Source data:
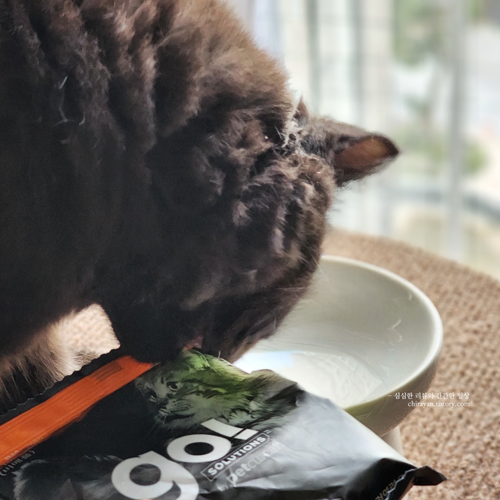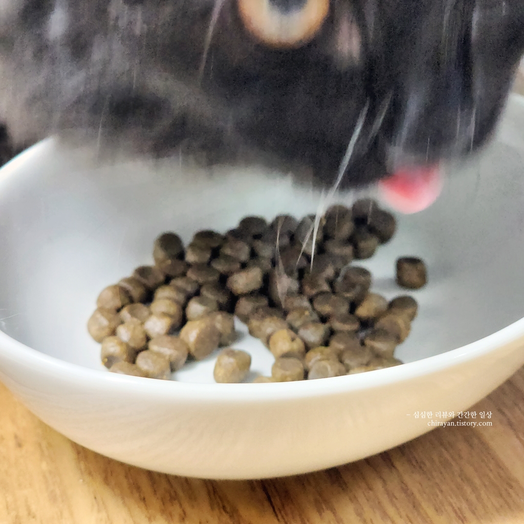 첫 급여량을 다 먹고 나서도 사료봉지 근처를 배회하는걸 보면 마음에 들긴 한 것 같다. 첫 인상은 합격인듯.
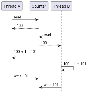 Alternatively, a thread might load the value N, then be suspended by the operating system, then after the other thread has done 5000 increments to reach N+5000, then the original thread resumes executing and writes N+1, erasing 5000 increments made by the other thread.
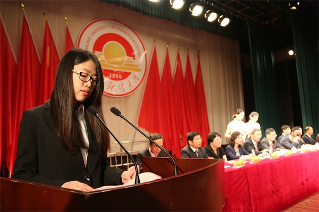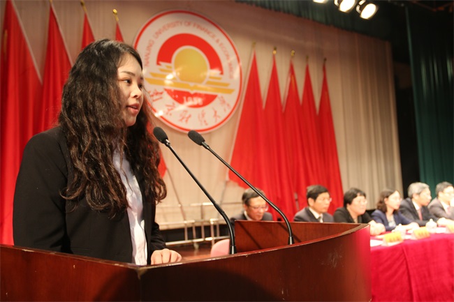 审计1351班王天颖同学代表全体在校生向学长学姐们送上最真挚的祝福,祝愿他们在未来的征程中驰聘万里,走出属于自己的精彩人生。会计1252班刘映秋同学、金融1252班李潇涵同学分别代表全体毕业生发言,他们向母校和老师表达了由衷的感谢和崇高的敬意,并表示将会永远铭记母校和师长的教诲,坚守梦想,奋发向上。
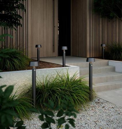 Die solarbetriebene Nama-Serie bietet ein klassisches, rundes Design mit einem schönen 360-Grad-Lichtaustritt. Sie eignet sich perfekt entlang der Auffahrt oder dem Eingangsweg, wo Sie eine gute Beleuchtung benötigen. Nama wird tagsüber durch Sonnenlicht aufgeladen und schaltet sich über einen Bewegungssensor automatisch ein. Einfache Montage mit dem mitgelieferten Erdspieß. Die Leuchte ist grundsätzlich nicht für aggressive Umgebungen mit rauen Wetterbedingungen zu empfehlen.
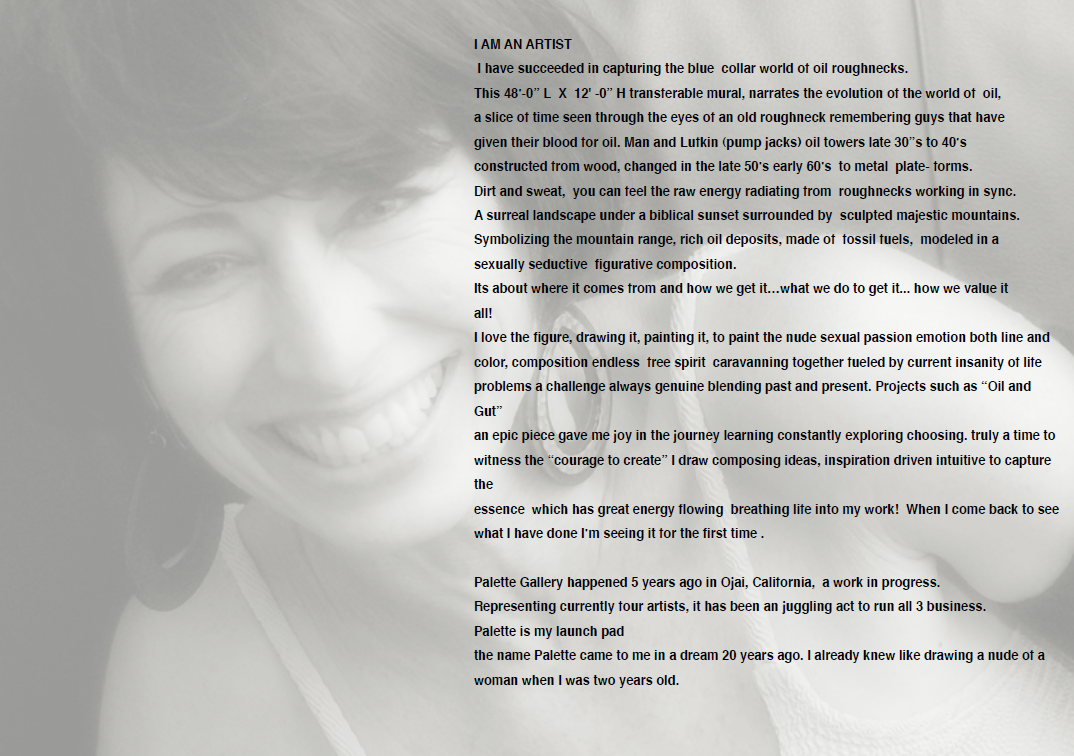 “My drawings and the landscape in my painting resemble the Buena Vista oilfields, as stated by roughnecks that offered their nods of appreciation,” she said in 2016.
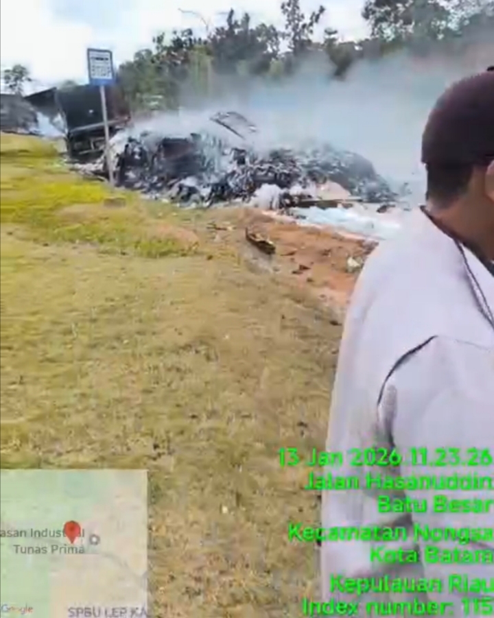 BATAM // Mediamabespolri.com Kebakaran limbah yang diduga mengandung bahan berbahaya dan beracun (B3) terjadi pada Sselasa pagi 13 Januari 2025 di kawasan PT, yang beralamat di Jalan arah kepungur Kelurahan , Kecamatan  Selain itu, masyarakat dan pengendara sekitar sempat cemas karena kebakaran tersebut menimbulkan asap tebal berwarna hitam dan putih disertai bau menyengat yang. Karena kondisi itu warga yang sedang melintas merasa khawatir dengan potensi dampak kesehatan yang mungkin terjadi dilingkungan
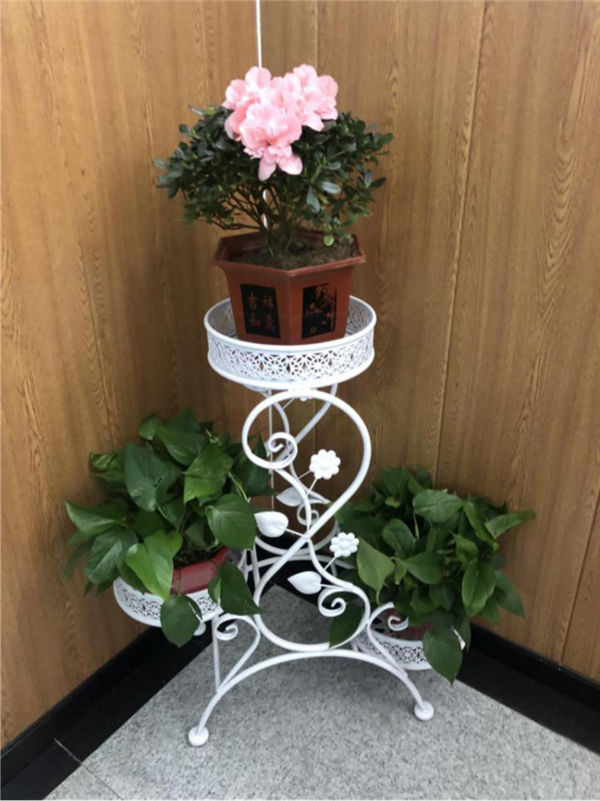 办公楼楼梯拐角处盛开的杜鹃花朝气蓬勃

--

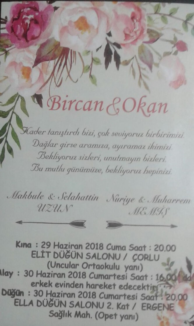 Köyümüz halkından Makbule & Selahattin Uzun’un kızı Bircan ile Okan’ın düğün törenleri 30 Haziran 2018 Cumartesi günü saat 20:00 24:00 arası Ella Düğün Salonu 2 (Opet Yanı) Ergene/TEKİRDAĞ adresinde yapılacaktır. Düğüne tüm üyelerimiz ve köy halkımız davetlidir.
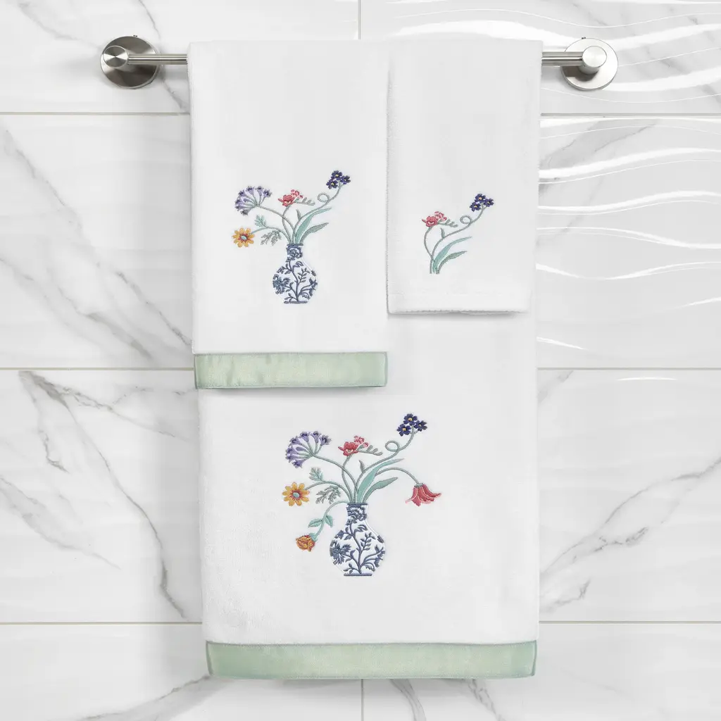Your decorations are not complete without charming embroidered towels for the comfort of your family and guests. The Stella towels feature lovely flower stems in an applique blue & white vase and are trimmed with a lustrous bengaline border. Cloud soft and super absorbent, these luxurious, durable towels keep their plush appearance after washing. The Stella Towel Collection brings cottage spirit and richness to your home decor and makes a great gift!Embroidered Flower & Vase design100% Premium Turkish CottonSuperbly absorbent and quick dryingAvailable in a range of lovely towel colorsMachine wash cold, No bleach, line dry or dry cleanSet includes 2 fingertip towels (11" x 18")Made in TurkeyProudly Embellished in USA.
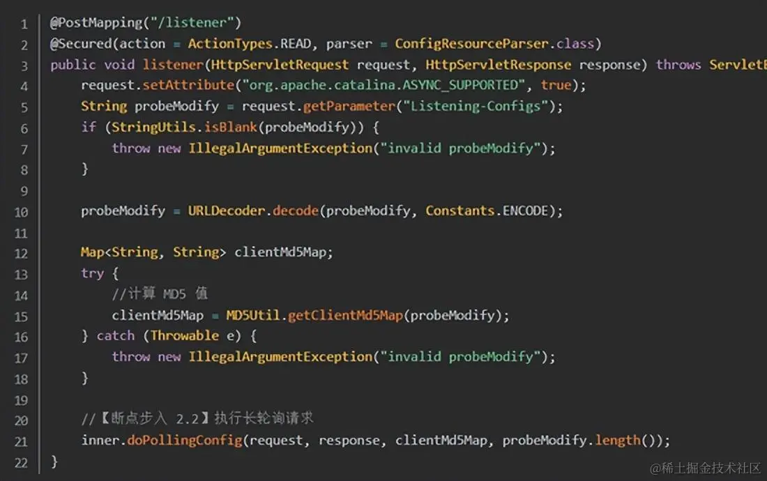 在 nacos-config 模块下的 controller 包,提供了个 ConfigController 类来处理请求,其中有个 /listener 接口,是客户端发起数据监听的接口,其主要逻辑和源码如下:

What you should do: What you return must match the lines above from the one with "Alternatively, a thread" through the one with "办公楼楼梯拐角处盛开的杜鹃花朝气蓬勃" exactly, with both ends included and the pictures excluded.

Response below:
 Alternatively, a thread might load the value N, then be suspended by the operating system, then after the other thread has done 5000 increments to reach N+5000, then the original thread resumes executing and writes N+1, erasing 5000 increments made by the other thread.
 审计1351班王天颖同学代表全体在校生向学长学姐们送上最真挚的祝福,祝愿他们在未来的征程中驰聘万里,走出属于自己的精彩人生。会计1252班刘映秋同学、金融1252班李潇涵同学分别代表全体毕业生发言,他们向母校和老师表达了由衷的感谢和崇高的敬意,并表示将会永远铭记母校和师长的教诲,坚守梦想,奋发向上。
 Die solarbetriebene Nama-Serie bietet ein klassisches, rundes Design mit einem schönen 360-Grad-Lichtaustritt. Sie eignet sich perfekt entlang der Auffahrt oder dem Eingangsweg, wo Sie eine gute Beleuchtung benötigen. Nama wird tagsüber durch Sonnenlicht aufgeladen und schaltet sich über einen Bewegungssensor automatisch ein. Einfache Montage mit dem mitgelieferten Erdspieß. Die Leuchte ist grundsätzlich nicht für aggressive Umgebungen mit rauen Wetterbedingungen zu empfehlen.
 “My drawings and the landscape in my painting resemble the Buena Vista oilfields, as stated by roughnecks that offered their nods of appreciation,” she said in 2016.
 BATAM // Mediamabespolri.com Kebakaran limbah yang diduga mengandung bahan berbahaya dan beracun (B3) terjadi pada Sselasa pagi 13 Januari 2025 di kawasan PT, yang beralamat di Jalan arah kepungur Kelurahan , Kecamatan  Selain itu, masyarakat dan pengendara sekitar sempat cemas karena kebakaran tersebut menimbulkan asap tebal berwarna hitam dan putih disertai bau menyengat yang. Karena kondisi itu warga yang sedang melintas merasa khawatir dengan potensi dampak kesehatan yang mungkin terjadi dilingkungan
 办公楼楼梯拐角处盛开的杜鹃花朝气蓬勃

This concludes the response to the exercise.